Your blog, a place to transcribe your thoughts, ideas, helpful hints and a place for readers to express their thoughts in comments. New bloggers start with the greatest intentions – choosing a topic that is popular but not overdone. Subject areas that are easy to write about, with exceptional headlines & content and adding a bit of their own flair to the each article to separate their blog from the crowd. At first, blogs do not have much traffic so trying different with the blog is a good idea to help find your audience and what keeps them coming back. As you are building an audience through promoting your blog, the focus is on the writing as well as new avenues to reach new readers and get noticed. As you get into a good rhythm and readers start to comment on the articles, there is a whole lot of inspiration to pump out as much content as your fingers will transcribe on the keyboard. You stay true to the topic area and slowly the blog gets some traffic which is generally around the 4-6 month mark. It as that this stage where the blog starts to suffer an identity crisis as you start to chase the numbers and write articles that are off topic and written purely with the number of opens and retweets and not the audience who is expecting on-topic information but now is feeling left at the alter wondering what is going on with the sudden erratic articles.
How to Cure Your Blogs Identity Crisis
1. Revisit the Purpose of the Blog. Why are you blogging? Now that you have gotten your feet wet and have been blogging for a bit and feel the need to stray from your topic, revisit the purpose of the blog. This may have changed from when you started or just needed to be focused upon again to get the blog back on track.
2.Revisit Goals of Blog. Take a look at the goals you set for the blog and see if you are on track to meeting or exceeding those goals and stick to that path. Yes we all want our blogs to get maximum exposure but if the blog is off topic or is not getting the desired result from the readers, it is pretty much wasting everyone’s time.
3. Is Niche still Viable? You identified your niche and were hoping to move right along and build traffic within this niche but now may be finding that this is not working as well as you would have liked. This happens but trying to jump in and just starting to write different types of articles without without first outlining why you are changing, what the changes will mean to the blog leaves your readers confused and ultimately have them not return.
4. Analyze Traffic Sources. Is your target market really where you are promoting? Are you able to dedicate a considerable amount of time on some of the sites such as Twitter where this is not a tweet your article and run off to the next social networking site. Look at where your target audience is and before you jump into there, determine if it fits your lifestyle and time. Maybe a forum would work better or an article marketing site where the time investment is lighter.
5. Overcome Writers Block. Writer’s block is another factor to consider when your blog is suffering an identity crisis. If you are struggling to stay on topic or to even find topics to write about, while it is inviting to stray and find maybe something that is popular or will get a post up, resist the temptation to stray.
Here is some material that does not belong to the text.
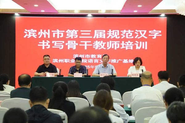9月18日,学校承办的滨州市第三届规范汉字书写骨干教师培训班在学校顺利开班。首都师范大学书法文化研究院博士后、淮阴师范学院教授、硕士研究生导师徐学标,市委教育工委副书记,市教育局党组副书记,市教育科学研究院党总支书记、院长杨宝剑,学校党委委员、组织人事部部长李超出席开班仪式。人文学院及学校语言文字工作负责同志参加活动。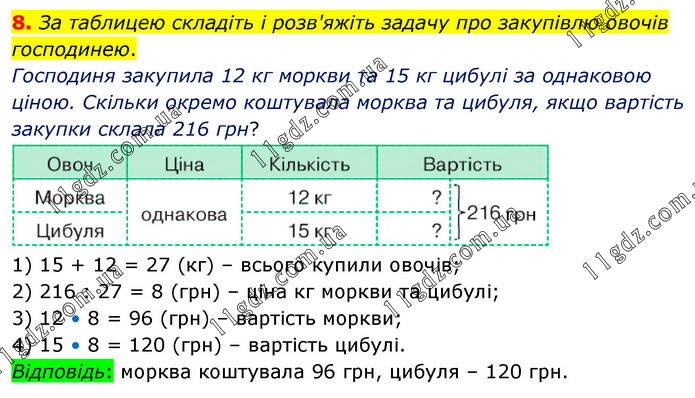 За таблицею складіть і розв'яжіть задачу про закупівлю овочів господинею. Господиня закупила 12 кг моркви та 15 кг цибулі за однаковою ціною. Скільки окремо коштувала морква та цибуля, якщо вартість закупки склала 216 грн? 1) 15 + 12 = 27 (кг) – всього купили овочів; 2) 216 : 27 = 8 (грн) – ціна кг моркви та цибулі; 3) 12 • 8 = 96 (грн) – вартість моркви; 4) 15 • 8 = 120 (грн) – вартість цибулі. Відповідь: морква коштувала 96 грн, цибуля – 120 грн.

6. Refer to Keyword List. You of course researched keywords and core keyword phrases when you were considering starting the blog and building your website so refer back to these keywords. This not only keeps your blog on topic but also keeps you focused and increases your page rankings. Keywords should be the basis of the blog theme/topic and continuously referred back to and expanded upon.
Your blog is a yours and writing what you want when you want is a great attitude until you realize that the inconsistency in traffic and subscribers is attributed to the blog being all over the place and really suffering from an identity crisis. Blogging is not easy and takes a big effort and commitment to maintain as it is more than writing pushing out the articles – understanding what your audience wants and expects and giving them what they want is a big part of it but also being responsible to the audience and to the blog itself by being consistent and not allowing your blog to suffer is what keeps the blog alive and not suffer a hangover and lead to the death of the blog.
The platform is now yours – what do you think? Has your blog suffered an identity crisis? How did you remedy it?